Begitu mobil masuk ke halaman, Liana langsung turun dan berlari masuk ke rumah. Setelah parkir aku bergegas menyusulnya. Namun yang kutemui di dalam lagi-lagi di luar dugaan. Liana duduk terpekur di sofa, bersama Bi Marni. Sementara Elin tak ada.

"Rakha, Elin ... " Liana tak meneruskan ucapannya.

"Ada apa Li? Di mana Elin?" Bukannya menjawab, Liana justru duduk menggelosor menyandarkan tubuh ke sofa.

"Apa yang terjadi Bi?" Aku beralih ke Bi Marni yang duduk menunduk di samping Liana.

"Tadi siang Elin jatuh dari sepeda kepalanya kena batu. Berdarah." Bi Marni berhenti sejenak, melihat ke arah Liana. "Pas Elin nangis Pak Halim dateng. Terus Nanyain Non Liana kemana?" Bi Marni menunduk, ia terlihat serba salah.

"Tapi, Elin gak papa kok Non." Bi marni mengangkat kedua tangannya, memberi isyarat agar Liana tak perlu khawatir.

"Cuman ... ,"

"Aku ngerti kok, Bi," potong Liana lesu.

"Hemmm," gumamku. Sambil membanting pantat ke sofa, persis di samping Liana. Aku tahu masalahnya bukan apa yang terjadi dengan Elin? Akan tetapi respon Pak Halim Sang Calon Mertua saat mengetahui Liana tak di rumah dan ia justru pergi denganku.

"Bi, tolong bikinin teh anget ya?" pinta Liana ke Bi Marni.

Liana beringsut, meraih tanganku dan meletakan di atas pangkuannya. "Rakha, kamu pasti capek. Kalau mau pulang sekarang gak papa," ucapnya sambil tersenyum. Aku tahu Liana berusaha keras menutupi kegundahan hatinya.

"Kau mengusirku?"

"Apaan sih. Mana mungkin aku lakukan itu?" sungut Liana.

"Terus, kenapa menyuruhku pulang?" jawabku sambil membuka jas, menyisakan t-shert tipis warna putih. Hingga jelas menampakan otot-otot tubuhku. Liana berpaling, sekilas masih sempat kulihat pipinya merona.

"Kamu pulang dulu aja.

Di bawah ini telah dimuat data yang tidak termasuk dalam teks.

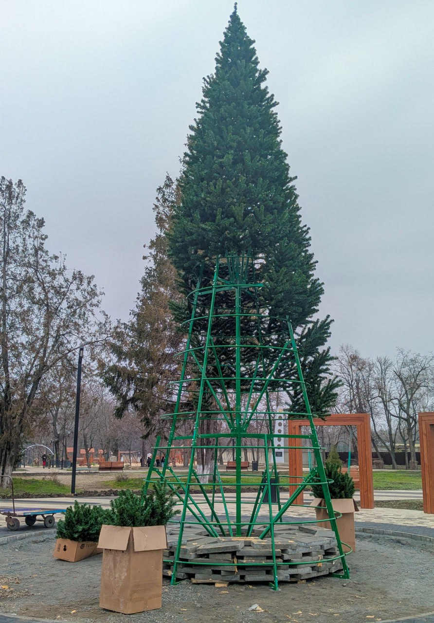 В парке культуры и отдыха началась подготовка к Новому Году! Начата установка новогодней елки.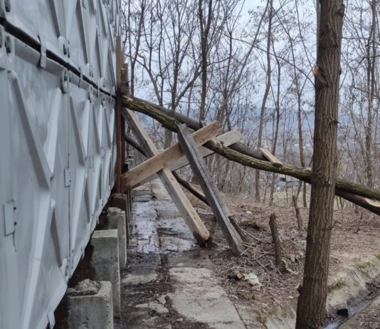 VIDEO//Bazinul de alimentare cu apă a orașului Dolhasca, proptit cu doi copaci ca să nu se reverse

Aku capek mau istirahat." Liana berdiri, belum sempat ia melangkah aku menarik lengannya keras hingga ia terjatuh menimpa tubuhku. Saat Liana mencoba bangkit aku justru mengunci dengan kedua tanganku yang memeluk pinggangnya.

"Apa yang kau rencanakan, Liana?" bisikku di telinganya.

"Maaf, Non. Ini tehnya."

Belum sempat Liana menjawab, Bi Marni datang. Membuat kami kikuk, seperti pencuri yang tertangkap basah.

"Iya, Bi, makasih."
Setelah meletakan dua gelas teh hangat di atas meja. Bi Marni kembali ke belakang.

"Mau jemput Elin?"

"Gak, besok aja. Kamu pulang aja istirahat," jawab Liana, Lagi-lagi menyuruhku pulang. Membuat rasa curiga semakin menjadi-jadi.

"Baiklah kalau itu maumu. Aku pulang," Kataku setelah meminum setengah gelas teh manis hangat yang tersedia.

Aku mengusap kedua pipi Liana, dan menarik kepalanya mendekat. Kemudian mendaratkan kecupan lembut di keningnya. "Aku pulang dulu, kalau butuh apa-apa, bilang padaku." Liana mengangguk. Kemudian berdiri mengantarku hingga pintu depan. Saat aku keluar pagar, kulihat Liana menutup pintu.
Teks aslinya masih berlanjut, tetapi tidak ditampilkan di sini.